#### MATERIAL FOR THE TASK ####

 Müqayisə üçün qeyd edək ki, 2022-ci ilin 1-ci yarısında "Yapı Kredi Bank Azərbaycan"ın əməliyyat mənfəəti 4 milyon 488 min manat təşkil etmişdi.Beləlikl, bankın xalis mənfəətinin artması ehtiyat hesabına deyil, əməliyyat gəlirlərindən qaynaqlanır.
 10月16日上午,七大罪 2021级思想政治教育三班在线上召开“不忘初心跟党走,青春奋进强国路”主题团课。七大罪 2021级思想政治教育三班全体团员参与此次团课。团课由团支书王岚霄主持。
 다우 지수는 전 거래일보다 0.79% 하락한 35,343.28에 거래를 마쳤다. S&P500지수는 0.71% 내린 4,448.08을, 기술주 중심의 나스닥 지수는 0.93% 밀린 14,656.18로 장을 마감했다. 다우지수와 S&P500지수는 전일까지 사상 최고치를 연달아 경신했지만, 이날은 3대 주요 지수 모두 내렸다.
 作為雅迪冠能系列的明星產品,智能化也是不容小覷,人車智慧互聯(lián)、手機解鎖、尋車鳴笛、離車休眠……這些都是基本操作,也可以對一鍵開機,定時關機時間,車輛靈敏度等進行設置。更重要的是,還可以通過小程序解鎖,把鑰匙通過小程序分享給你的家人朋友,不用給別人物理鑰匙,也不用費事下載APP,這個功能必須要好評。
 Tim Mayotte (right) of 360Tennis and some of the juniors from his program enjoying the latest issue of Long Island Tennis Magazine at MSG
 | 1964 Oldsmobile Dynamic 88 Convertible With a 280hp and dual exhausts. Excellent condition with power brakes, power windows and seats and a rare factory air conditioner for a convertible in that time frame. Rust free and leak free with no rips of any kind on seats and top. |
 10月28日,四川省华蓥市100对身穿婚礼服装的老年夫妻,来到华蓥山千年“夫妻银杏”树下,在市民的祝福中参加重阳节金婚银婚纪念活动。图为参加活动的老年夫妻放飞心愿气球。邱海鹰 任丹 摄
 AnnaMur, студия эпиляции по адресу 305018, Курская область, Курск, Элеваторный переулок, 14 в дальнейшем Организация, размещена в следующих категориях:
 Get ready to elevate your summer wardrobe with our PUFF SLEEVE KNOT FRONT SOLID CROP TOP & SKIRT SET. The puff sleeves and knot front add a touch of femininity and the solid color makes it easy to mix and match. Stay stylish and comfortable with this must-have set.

####

With every line kept whole, write out the records again exactly.

PROBLEM SOLUTION:
 Müqayisə üçün qeyd edək ki, 2022-ci ilin 1-ci yarısında "Yapı Kredi Bank Azərbaycan"ın əməliyyat mənfəəti 4 milyon 488 min manat təşkil etmişdi.Beləlikl, bankın xalis mənfəətinin artması ehtiyat hesabına deyil, əməliyyat gəlirlərindən qaynaqlanır.
 10月16日上午,七大罪 2021级思想政治教育三班在线上召开“不忘初心跟党走,青春奋进强国路”主题团课。七大罪 2021级思想政治教育三班全体团员参与此次团课。团课由团支书王岚霄主持。
 다우 지수는 전 거래일보다 0.79% 하락한 35,343.28에 거래를 마쳤다. S&P500지수는 0.71% 내린 4,448.08을, 기술주 중심의 나스닥 지수는 0.93% 밀린 14,656.18로 장을 마감했다. 다우지수와 S&P500지수는 전일까지 사상 최고치를 연달아 경신했지만, 이날은 3대 주요 지수 모두 내렸다.
 作為雅迪冠能系列的明星產品,智能化也是不容小覷,人車智慧互聯(lián)、手機解鎖、尋車鳴笛、離車休眠……這些都是基本操作,也可以對一鍵開機,定時關機時間,車輛靈敏度等進行設置。更重要的是,還可以通過小程序解鎖,把鑰匙通過小程序分享給你的家人朋友,不用給別人物理鑰匙,也不用費事下載APP,這個功能必須要好評。
 Tim Mayotte (right) of 360Tennis and some of the juniors from his program enjoying the latest issue of Long Island Tennis Magazine at MSG
 | 1964 Oldsmobile Dynamic 88 Convertible With a 280hp and dual exhausts. Excellent condition with power brakes, power windows and seats and a rare factory air conditioner for a convertible in that time frame. Rust free and leak free with no rips of any kind on seats and top. |
 10月28日,四川省华蓥市100对身穿婚礼服装的老年夫妻,来到华蓥山千年“夫妻银杏”树下,在市民的祝福中参加重阳节金婚银婚纪念活动。图为参加活动的老年夫妻放飞心愿气球。邱海鹰 任丹 摄
 AnnaMur, студия эпиляции по адресу 305018, Курская область, Курск, Элеваторный переулок, 14 в дальнейшем Организация, размещена в следующих категориях:
 Get ready to elevate your summer wardrobe with our PUFF SLEEVE KNOT FRONT SOLID CROP TOP & SKIRT SET. The puff sleeves and knot front add a touch of femininity and the solid color makes it easy to mix and match. Stay stylish and comfortable with this must-have set.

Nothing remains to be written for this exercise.